The initial meeting of the founders of the hospital was held at 25 King Street, Belfast, in 1873. A board of management was set up to establish funding and run the resulting medical practice. The main focus was to provide healthcare to the impoverished in a time where government assistance was unknown. The building and general running costs had to come from the public. In deference to this, the original writing which spanned all three storeys on the front of the finished hospital would read: Erected A.D.1878 By Voluntary – Subscriptions And Donations – Belfast Hospital For Sick Children.

Some of the more prominent founding board members were: Lord O'Neill (President), (Note: There was a marble tablet installed above the main door to the surgical ward dedicated to his efforts. The presidency passed to his son Robert after his death in 1883.) William Robertson (chairman), Herbert Darbishire (Honorary Secretary), Robert S Craig (Honorary Treasurer), Sir Thomas Dixon (Patron) and Lady Edith Dixon (Patron).
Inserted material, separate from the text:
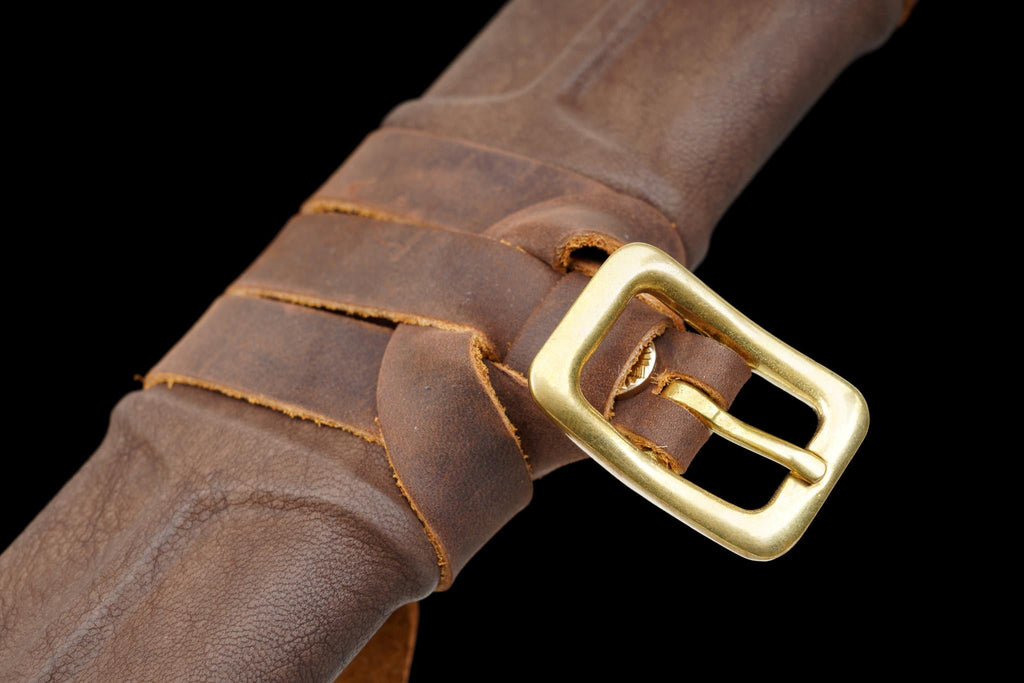 Holzbasis mit handgenähtem künstlichem Leder umwickelt mit Messingschnallen |

Darbishire once said of that first meeting;"...a few gentlemen of intelligence and earnestness met in a small dusty room in King Street. The speeches were short, but there was the right ring in what was said; it meant work; it meant success."
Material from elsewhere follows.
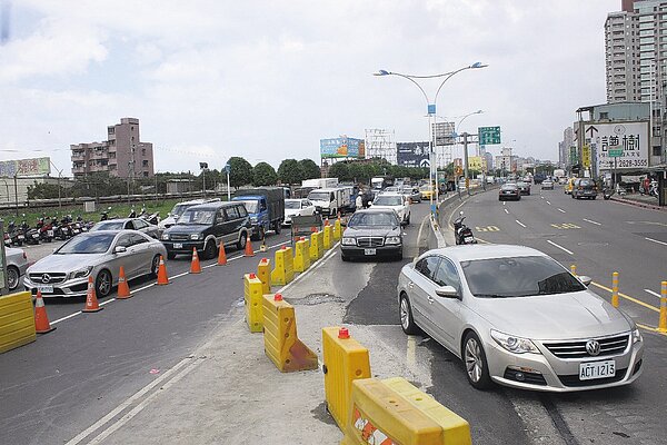 雖然這段路雙向各有3個車道,但長期施工的圍籬就占用1個車道,只要有施工車輛進出或交通事故,交通立即中斷,上、下班交通尖峰時段車子走走停停,得塞個20至30分鐘才能通過,駕駛人罵聲不絕。

The fundraising process began with a citywide distribution of flyers and by 1876 they had managed to raise £2,000 and the board decided that this was sufficient for work to begin. The new hospital was designed by Thomas Jackson in the Baroque style and built by William McCammond in Queen Street in April 1879.

From 1885 onwards several new medical roles were created, including dental specialist, assistant physician, assistant surgeon, external sister, and pathologist. This caused such a strain on funding that the hospital was compelled to stop offering free out-patient medicine as of 1897, opting for a discounted prescription model instead. There was an immediate and catastrophic drop off of out-patient activity and Lord O'Neill repeatedly requested that the decision be reversed. The hospital continued operating despite funding deficits, lack of expansion space, wartime inflation, and the deaths of both Robert O'Neill and Joseph Nelson in 1910. The hospital moved to a new building designed by Tulloch & Fitzsimmons and built by H. & J. Martin in the Falls Road in April 1932. Two wards, the Barbour and Musgrave, were decorated with picture tiles depicting nursery rhymes, biblical scenes and the four seasons. Designed by artist Anne M. Yeames they were manufactured by Minton Hollins.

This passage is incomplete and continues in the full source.